Provided entries ▸

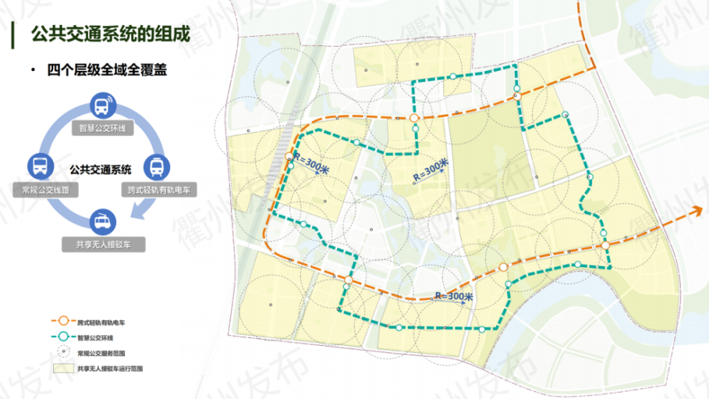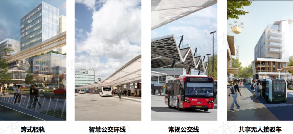 高铁新城公共交通系统由共享无人接驳车、常规公交线路、智慧公交环线、跨式轻轨有轨电车组成,四个层级全域全覆盖。
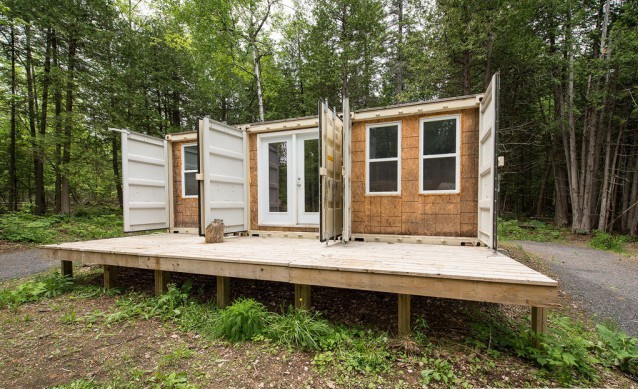 Житель Канады Джозеф Дюпюи построил необычный дом из морских грузовых контейнеров в лесу недалеко от Оттавы. На покупку трех контейнеров у 29-летнего специалиста в области возобновляемых источников энергии ушло 10 200 канадских долларов (около 8,3 тысячи долларов США) и три месяца работы.
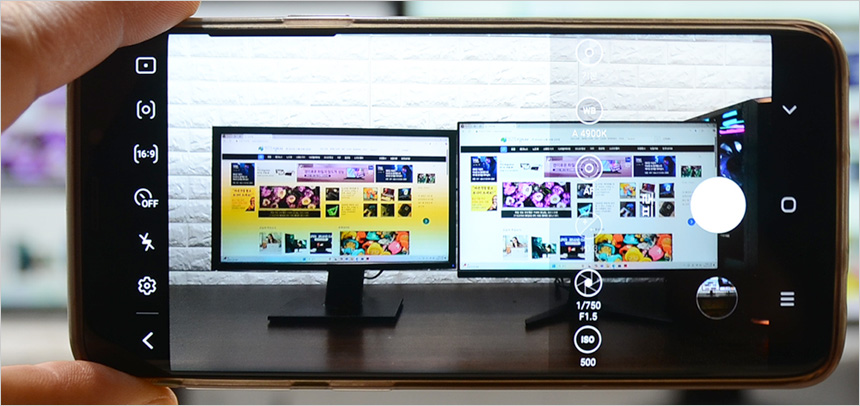플리커 현상이 있는 구형 모니터와 함께 셋팅해 플리커 여부를 확인하고 있는 모습으로 화면이 계속 깜빡이는 구형 모니터와 달리 깜빡임이 전혀 발생하지 않는 것을 확인할 수 있었다. 장시간 편하게 게임을 즐길 수 있을 것이다. (눈으로 보면 플리커 여부를 확인할 수 없다. 스마트폰 카메라를 매뉴얼 모드로 설정하고 셔터스피드를 1/300초 이상으로 셋팅하면 플리커 여부 확인이 가능하다.) @ 동영상을 통해 확인하기 바란다.
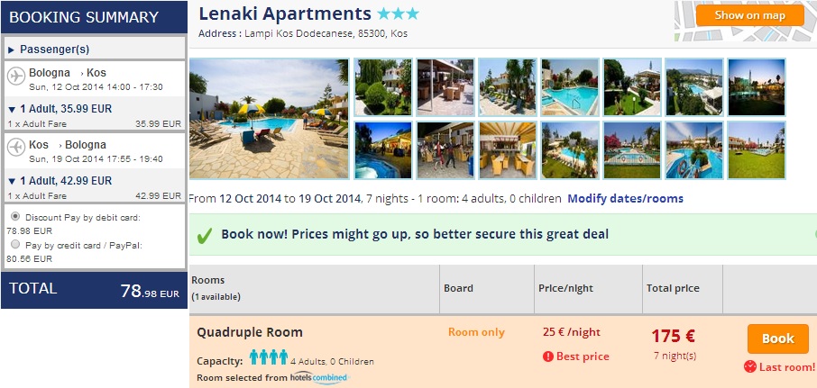 Otok Kos velja za enega najbolj sončnih otokov v Egejskem morju. Na tem otoku se je rodil Hipokrat, oče moderne medicine. Otoke se nahaja v bližini Turčije, zato je idealno izhodišče za izlet tam. Kot primer smo vzeli termin 12.10 – 19.10. Za povratno letalsko vozovnico boste odšteli 79 €, rent a car 140 €, za Hotel boste odšteli 175 € (7 nočitev), za transfer do letališča pa boste odšteli 160 €. Če vse skupaj seštejemo pride 198 € po osebi, če se vas na pot odpravi 4 in imate lastno sredstvo za transfer do letališča.
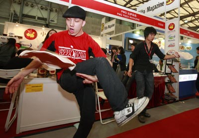 12月4日,2008中國國際食品及酒店設備用品博覽會在上海新國際博覽中心開幕,來自美國、英國、日本、新加坡等25個國家和地區(qū)的近750家食品企業(yè)參展。本屆展會的展出面積達8000平方米,展出了各國風味的食品、飲料,參觀者在大飽眼福的同時也能免費品嘗各種美味。圖為一名廚師正在展會現(xiàn)場制作比薩。
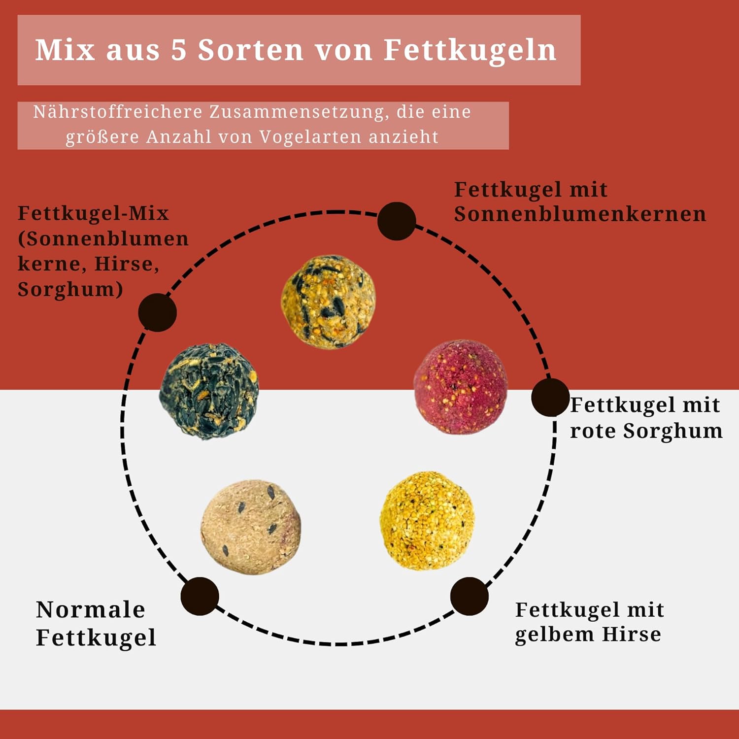 Dank der Vielfalt an unterschiedlichen Zutaten locken unsere Fettknödel außergewöhnlich viele Wildvögel an und verwandeln Ihren Garten in ein wahres Paradies für gefiederte Gäste. Das Futter enthält Sonnenblumenkerne, Samen anderer Ölpflanzen, Getreidemehl, Nüsse, tierische Fette sowie Futterkalk, gelbe Hirse und rotes Sorghum, die für den biologischen Kreislauf der Vögel unerlässlich sind.
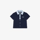 Chemise bébé en seersucker bleu marine avec petit col et boutons en maille bleu ciel finement côtelée et broderie Fendi sur le devant.
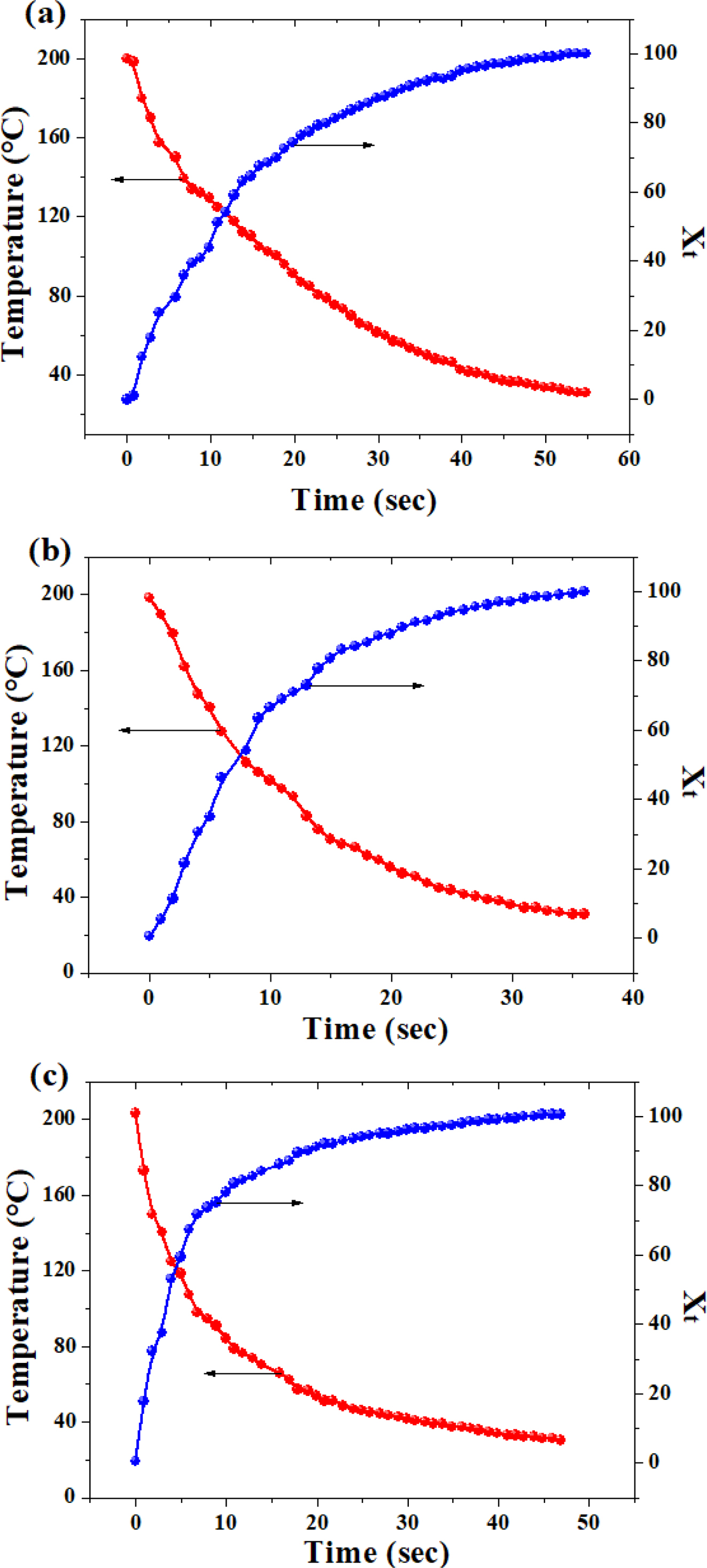 Figure 4 Variation of temperature and relative crystallinity (Xt) as a function of time: (a) neat PLA; (b) PLA/0.5%GN; (c) PLA/1.0%GN. |

The problem ▸
Set down all the lines above exactly as they appear, with no pictures.

Answer to the exercise ▸
 高铁新城公共交通系统由共享无人接驳车、常规公交线路、智慧公交环线、跨式轻轨有轨电车组成,四个层级全域全覆盖。
 Житель Канады Джозеф Дюпюи построил необычный дом из морских грузовых контейнеров в лесу недалеко от Оттавы. На покупку трех контейнеров у 29-летнего специалиста в области возобновляемых источников энергии ушло 10 200 канадских долларов (около 8,3 тысячи долларов США) и три месяца работы.
플리커 현상이 있는 구형 모니터와 함께 셋팅해 플리커 여부를 확인하고 있는 모습으로 화면이 계속 깜빡이는 구형 모니터와 달리 깜빡임이 전혀 발생하지 않는 것을 확인할 수 있었다. 장시간 편하게 게임을 즐길 수 있을 것이다. (눈으로 보면 플리커 여부를 확인할 수 없다. 스마트폰 카메라를 매뉴얼 모드로 설정하고 셔터스피드를 1/300초 이상으로 셋팅하면 플리커 여부 확인이 가능하다.) @ 동영상을 통해 확인하기 바란다.
 Otok Kos velja za enega najbolj sončnih otokov v Egejskem morju. Na tem otoku se je rodil Hipokrat, oče moderne medicine. Otoke se nahaja v bližini Turčije, zato je idealno izhodišče za izlet tam. Kot primer smo vzeli termin 12.10 – 19.10. Za povratno letalsko vozovnico boste odšteli 79 €, rent a car 140 €, za Hotel boste odšteli 175 € (7 nočitev), za transfer do letališča pa boste odšteli 160 €. Če vse skupaj seštejemo pride 198 € po osebi, če se vas na pot odpravi 4 in imate lastno sredstvo za transfer do letališča.
 12月4日,2008中國國際食品及酒店設備用品博覽會在上海新國際博覽中心開幕,來自美國、英國、日本、新加坡等25個國家和地區(qū)的近750家食品企業(yè)參展。本屆展會的展出面積達8000平方米,展出了各國風味的食品、飲料,參觀者在大飽眼福的同時也能免費品嘗各種美味。圖為一名廚師正在展會現(xiàn)場制作比薩。
 Dank der Vielfalt an unterschiedlichen Zutaten locken unsere Fettknödel außergewöhnlich viele Wildvögel an und verwandeln Ihren Garten in ein wahres Paradies für gefiederte Gäste. Das Futter enthält Sonnenblumenkerne, Samen anderer Ölpflanzen, Getreidemehl, Nüsse, tierische Fette sowie Futterkalk, gelbe Hirse und rotes Sorghum, die für den biologischen Kreislauf der Vögel unerlässlich sind.
 Chemise bébé en seersucker bleu marine avec petit col et boutons en maille bleu ciel finement côtelée et broderie Fendi sur le devant.
 Figure 4 Variation of temperature and relative crystallinity (Xt) as a function of time: (a) neat PLA; (b) PLA/0.5%GN; (c) PLA/1.0%GN. |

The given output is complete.